И это было правдой: Джованни действительно перепугался до истерики. Он понял, что Папа крепко держит его в своей паутине. Миланским родственникам нет до него никакого дела, тесть хочет от него избавиться и отсылает прямо в логово врагов его семейства. Что с ним будет, что будет?

– Я отказываюсь подчиняться приказам Папы, – объявил он. – Неужели он думает, что я не понимаю, ради чего все это?

– О, Джованни, – ответила Лукреция, – я бы не советовала тебе ослушаться отца.

– Ну да, конечно, ты бы посоветовала мне другое: «Поезжай в Неаполь, Джованни, прими это назначение. Ты – Сфорца, кровный враг неаполитанцев, но поезжай, поезжай… Потому что мой отец хочет тебя устранить, чтобы я вернулась к нему… жила подле него, а слухи росли, росли, росли…»

Он снова истерически расхохотался, лицо его исказил страх.

Она попыталась успокоить его, но он только вопил:

– Я не поеду! Слышишь? Не поеду!

Плохие вести, как известно, в одиночку не ходят. Из Каподимонте, родного города Джулии, пришло сообщение, что ее брат Анджело тяжело болен и семья уже не надеется на его выздоровление.

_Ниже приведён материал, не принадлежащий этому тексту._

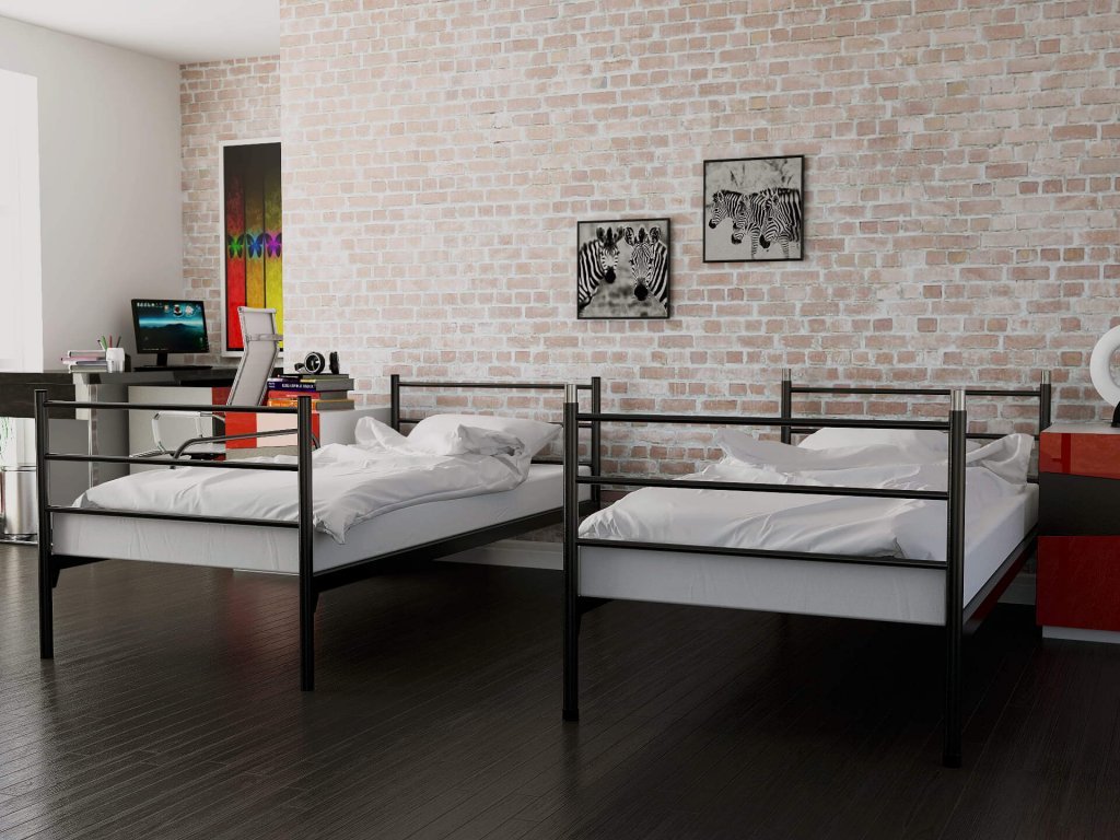 Moderná kovová poschodová posteľ Eleonora sa vyznačuje svojím jednoduchým, no štýlovým dizajnom a tiež funkčnosťou. Je vyrobená z kovu v čiernej farbe, pričom jej veľkou prednosťou je to, že sa dá rozložiť na dve samostatné lôžka. Medzi jej výhody patrí aj pevný odolný rám a stabilné lôžka. Disponuje praktickou bariérkou. Jednoduché a štíhle línie rámu sa vyznačujú moderným mestským dizajnom, ktorý je vhodný pre mladých energických ľudí a vďaka svojmu prevedeniu sa nábytok hodí do každého interiéru študentskej izby, internátov či hotelov. Kovový rám sa jednoducho čistí, ale aj rýchlo montuje a demontuje. Rebrík na posteli uľahčuje nastupovanie a vystupovanie z horného lôžka. Je univerzálny, takže ho môžete namontovať na pravú aj ľavú stranu postele.

Джулия очень любила свою семью, в особенности братьев Анджело и Алессандро.

Она сразу же отправилась к Лукреции. Та была поражена: никогда еще за время их знакомства она не видела на лице подруги такого отчаяния.

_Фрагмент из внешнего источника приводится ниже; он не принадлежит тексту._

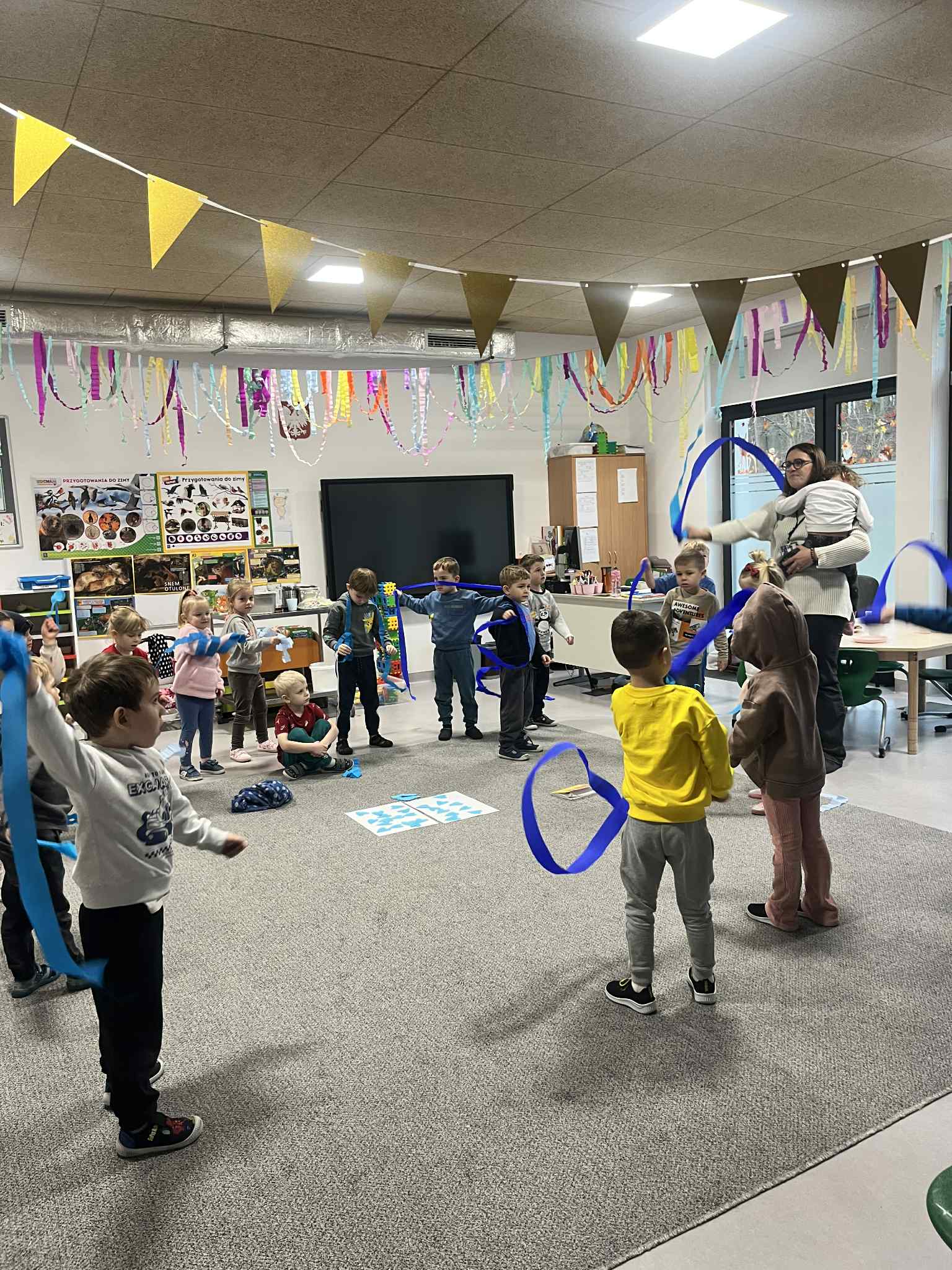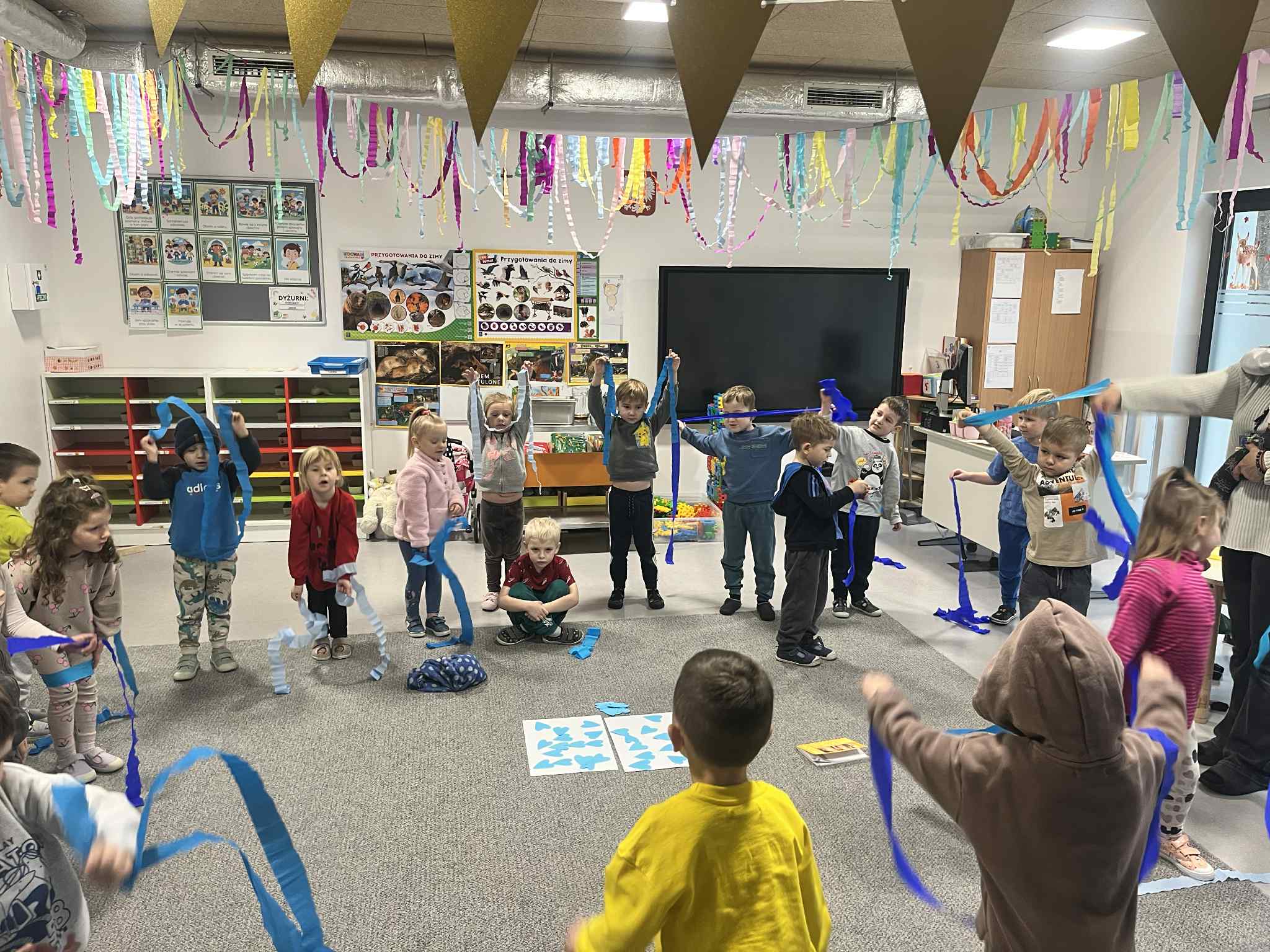 Niebieskie serduszka, niebieskie krepowe wstążki zagościły w sali Pszczółek.
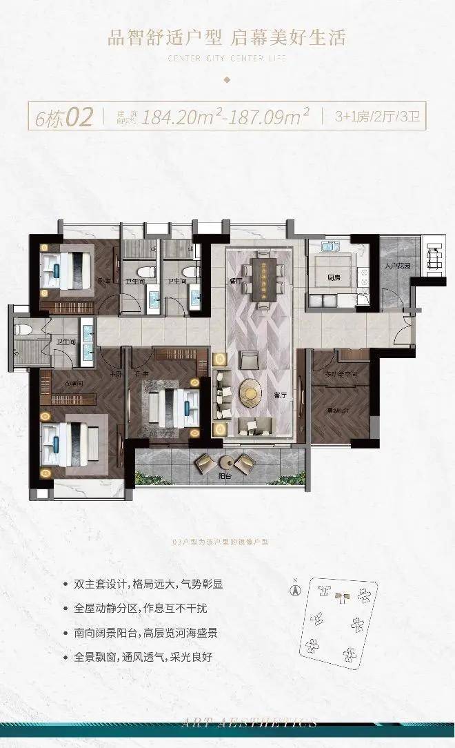 【E6栋184-187㎡臻品四房三卫】
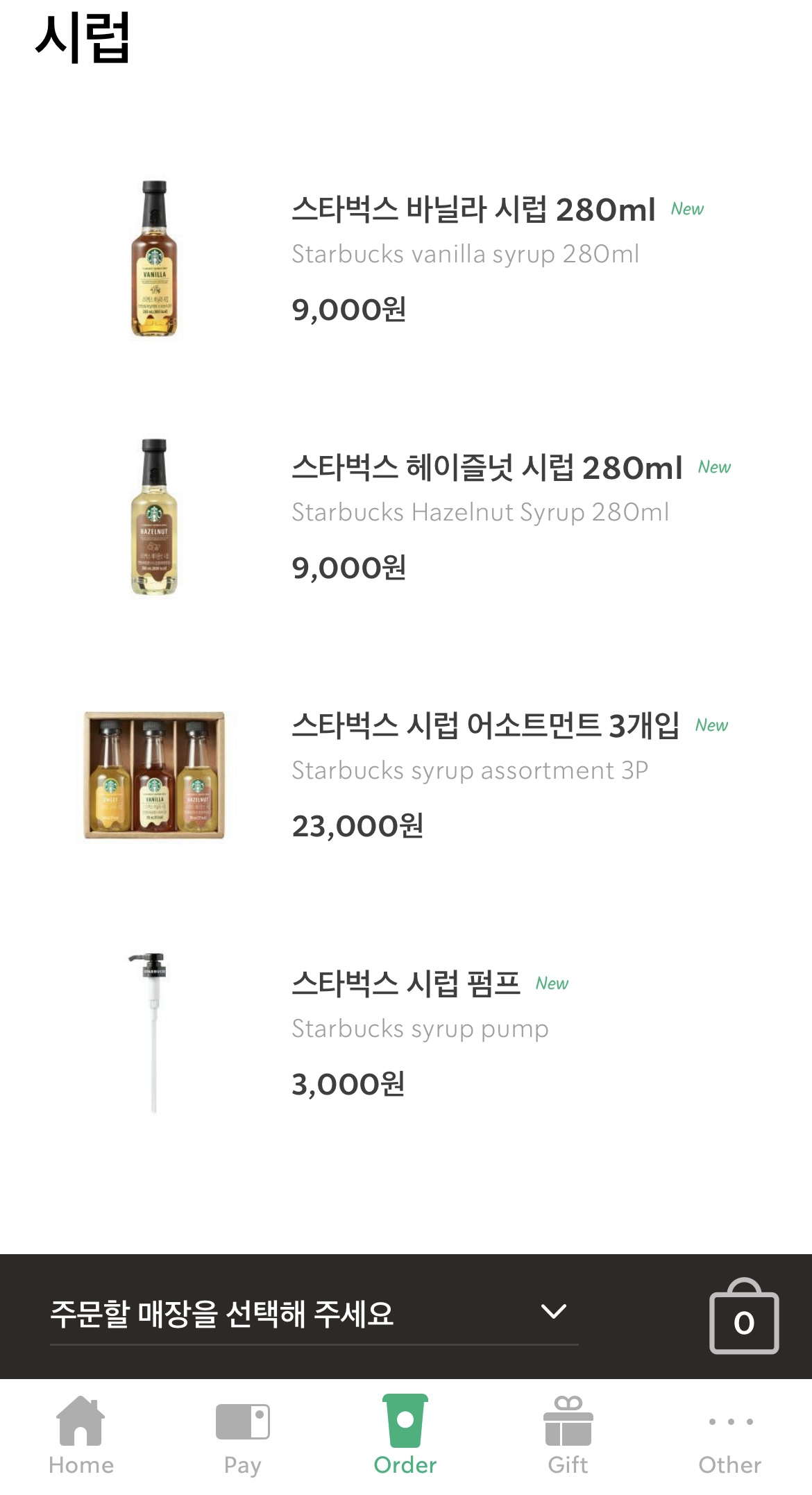 스타벅스 시럽 종류

Джулия объяснила, в чем дело, и Лукреция воскликнула:

– Дорогая моя, как мне жаль! Мы должны молиться за его выздоровление!

– От меня требуется большее, чем молитвы, – ответила Джулия. – Мне надо ехать к нему. Иначе мы с ним друг друга больше никогда не увидим!

– Но ты помнишь, что приказал отец? Мы не имеем права покидать Пезаро без его разрешения.

– Мой брат умирает, неужели это тебе не понятно? А что, если бы при смерти были Чезаре или Джованни? Ты бы не поехала?

– Но это же не Чезаре и не Джованни, – спокойно возразила Лукреция. – Это всего лишь Анджело.

– Он для меня такой же брат, как для тебя Джованни и Чезаре!

Однако Лукреция не могла с этим согласиться: Джулия не понимала, насколько тесны связи в семействе Борджа. Да и Папа рассердится, если узнает, что Джулия отправилась из Пезаро к своей семье.

– К тому же, – напомнила Лукреция, – Орсино находится в Бассанелло, это недалеко от Каподимонте. А ты знаешь, что отец не любит, если твой муж находится где-то поблизости от тебя.

– Я не собираюсь встречаться с Орсино.

– Но он сам может приехать к тебе. Ах, Джулия, если ты дорожишь любовью моего отца – не езди в Каподимонте.

Джулия молчала: она разрывалась между желанием повидать брата и желанием во всем потакать Папе.

Джованни отправился в Неаполь. Лукреция попрощалась с ним без особых сожалений. За эти последние дни она окончательно убедилась в том, что ее муж – слабак, а ей нравились мужчины сильные, похожие на отца и братьев.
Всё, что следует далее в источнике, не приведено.